我知你不信,所以我把十年前给倩娘画的画面带来了,你看看?即便是人长得像也不可能这般像,更何况你身上还有胎记,刚才我也只是一时情急,所以才会当场说出来,并非有意为之。”
说着从袖中掏出了一个长长的画轴,缓缓展开而来,那展开的画像中慢慢的便出现了一名身着蓝色罗裙的女子,浅笑盈盈,不是绝色,却自有一番韵味。那五官却与秦花花别无二致,只是那双眼并非特别的灵动,而是多了几分女子的柔情。

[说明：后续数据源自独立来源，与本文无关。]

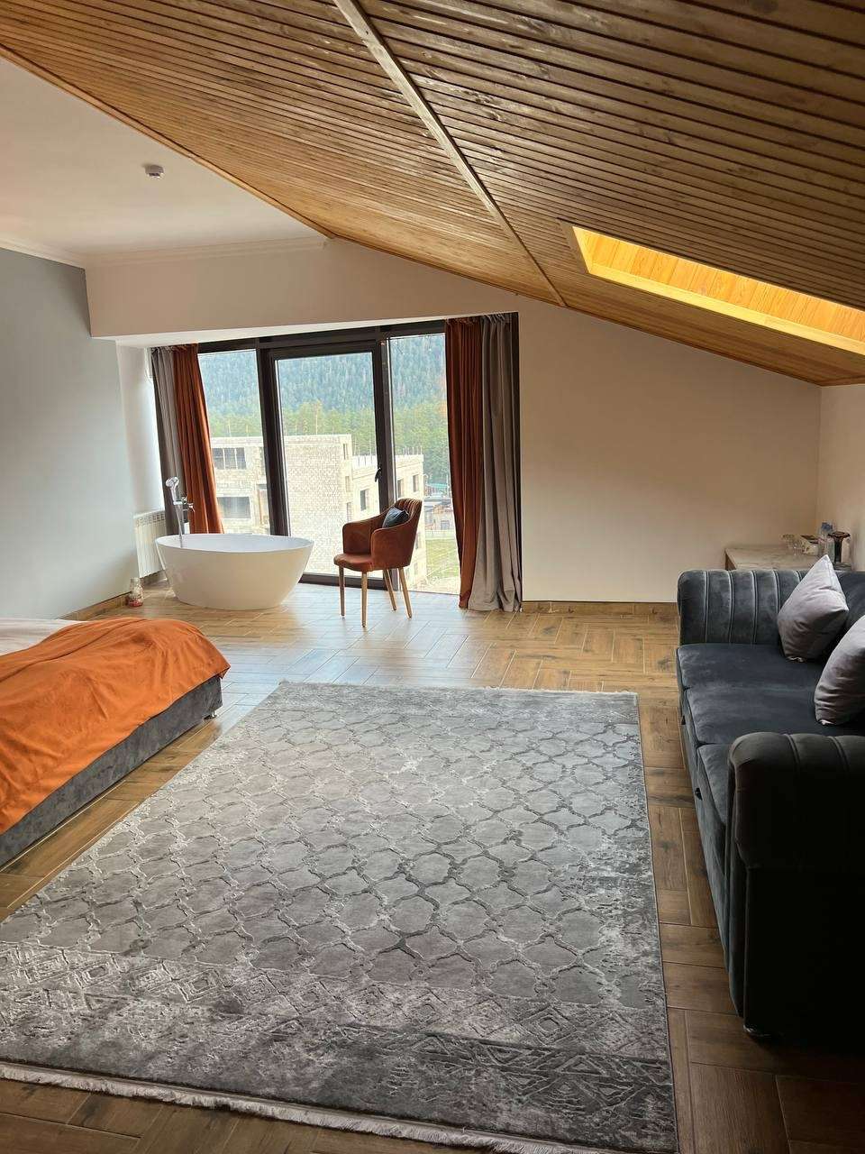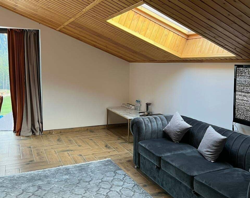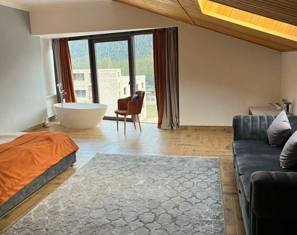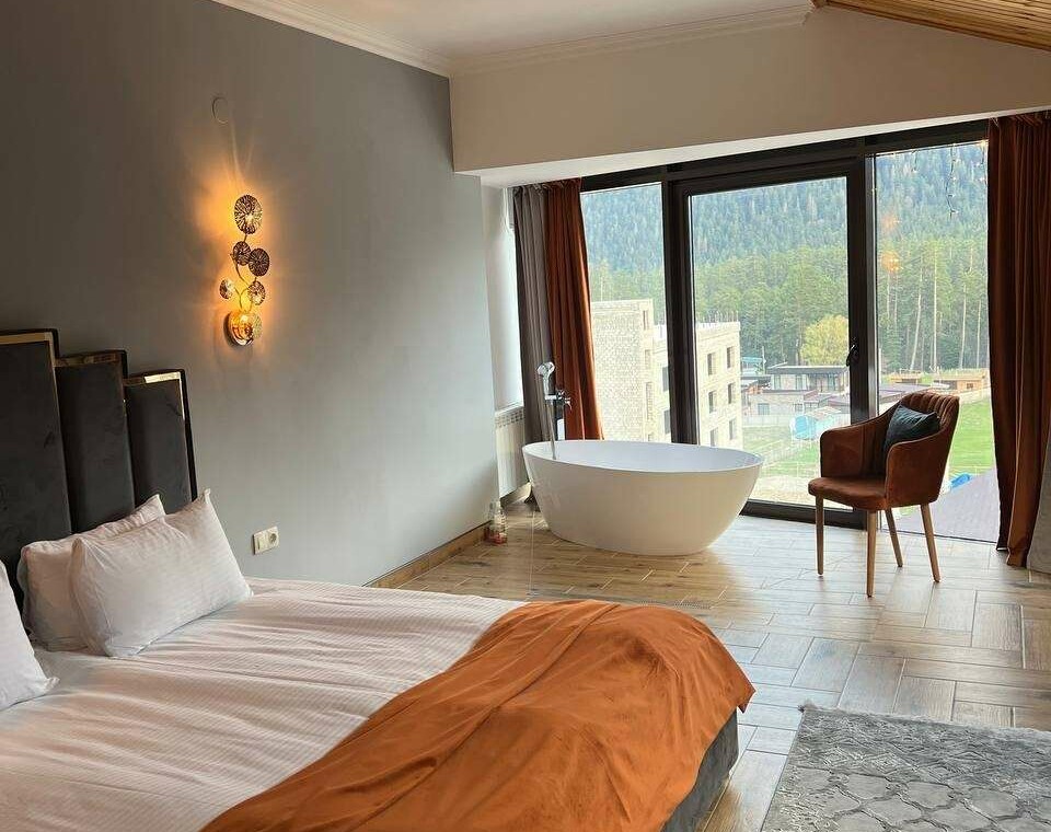 Плошадь: 35 кв.м. Вместимость: до 3 гостей (2 основных местах 1 на дополнительном месте) Мы рады Вам предложить номера категории «Deluxe room», площадью 35 кв.м. Насладитесь изысканным отдыхом после активно проведенного дня на горнолыжных склонах Архыза, остановившись в одном из номеров категории «Deluxe room». В номере имеется: доп. место – диван, мини-бар, Wi-Fi, спутниковое ТВ, чайный набор, тапочки, халат, фен, теплые полы, банные принадлежности. Панорамные окна добавят комфорта и откроют великолепный вид на природную красоту Архыза. Дети до двух лет размещаются – бесплатно.
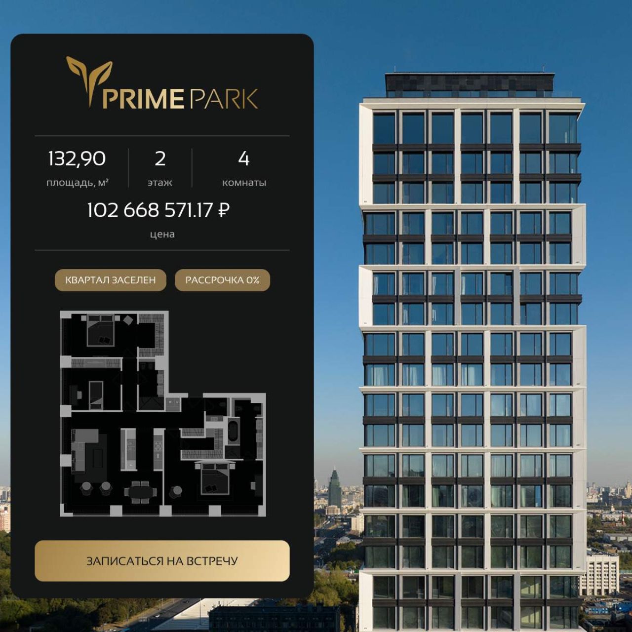 Продается 4-комн. квартира, площадью 129 м2 в монолитной новостройке в 12 мин. пешком от м. Динамо, район города - Хорошевский. Возможен вариант покупки с использованием ипотечных...
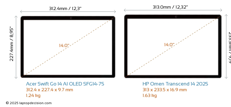 HDMIBoth Swift Go 14 AI OLED SFG14-75 and Omen Transcend 14 2025 feature an HDMI port (1x HDMI 2.1) for connecting to external monitors.
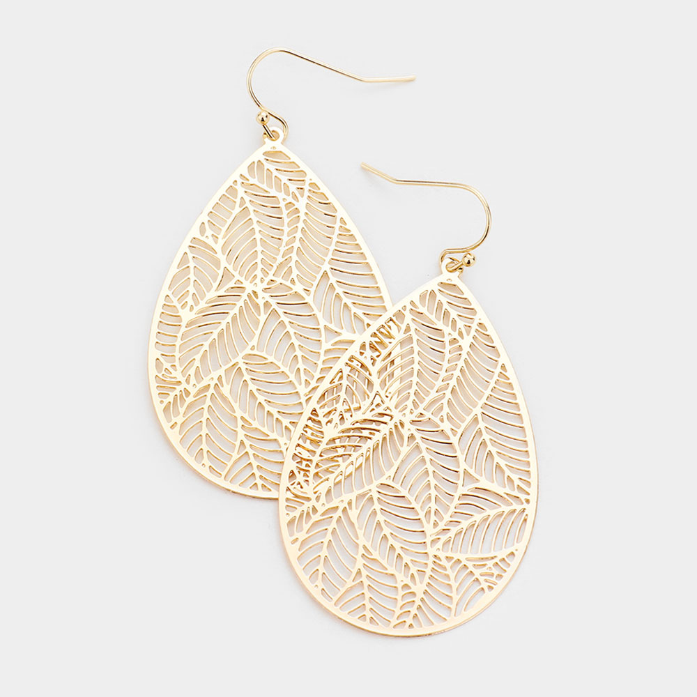 Filigree Leaf Detail Brass Metal Teardrop Dangle Earrings

祁蓝煜有些震惊,看看画又看看女子,这画一看颜色和纸面就知道有些时间了,具他的了解他第一次见到这个女子便是在三年前,而这画至少有十年之久,这男子也不可能知道花花现在会长成什么样子。
秦花花震惊了,即便是刚才中年男子的话也足够让她震惊了,她没有想到这中年男子会看得这么透,即便是可能会遭人利用,却还是愿意来。而这画中的女子也与她现在的样子极为相似。
“怎么会这样?”
“倩娘因为你失踪,所以没有多久便病了,日日盼着能够将你寻回,就连死的那日心心念念的是要将你找回来。那日你是和她一起去寺里上香,所以才会让人有机可趁。玉儿活泼好动,又很是可爱,极讨我欢心,即便是我纳了云夕也不曾有半分冷落,可云夕心性好妒,是她将你带走,再也没有回来,还留了封信告诉我永远也别想再有子嗣,也别想我再找到你。只是我没有想到……没有想到她竟然……如此狠心……竟然将你带入那等污秽之地……是爹错了啊,玉儿……爹后悔莫及……因为那贱女人弄得家无宁日……”
老泪纵横,脸上都是悔意。
秦花花却依旧眼神冰冷,这眼前的人只怕真是的是这身体的爹,只是没有想到会有这样的过往,因为昨日在皇城逛街,必定是进了他手下的商铺,所以他才会收到消息,而今日又刚好事攀上了那王爷。这其中到底还有什么她还真是猜不准。
“如此说来,你还真是我爹了。那我想知道你现在找到我是意欲何为?认回女儿之后呢?忘记告诉你了从我在妓院醒来被打得半死不活之后我就已经忘记了所有的过往,所以脑海中不曾有属于你的记忆,更不记得你是我的爹。”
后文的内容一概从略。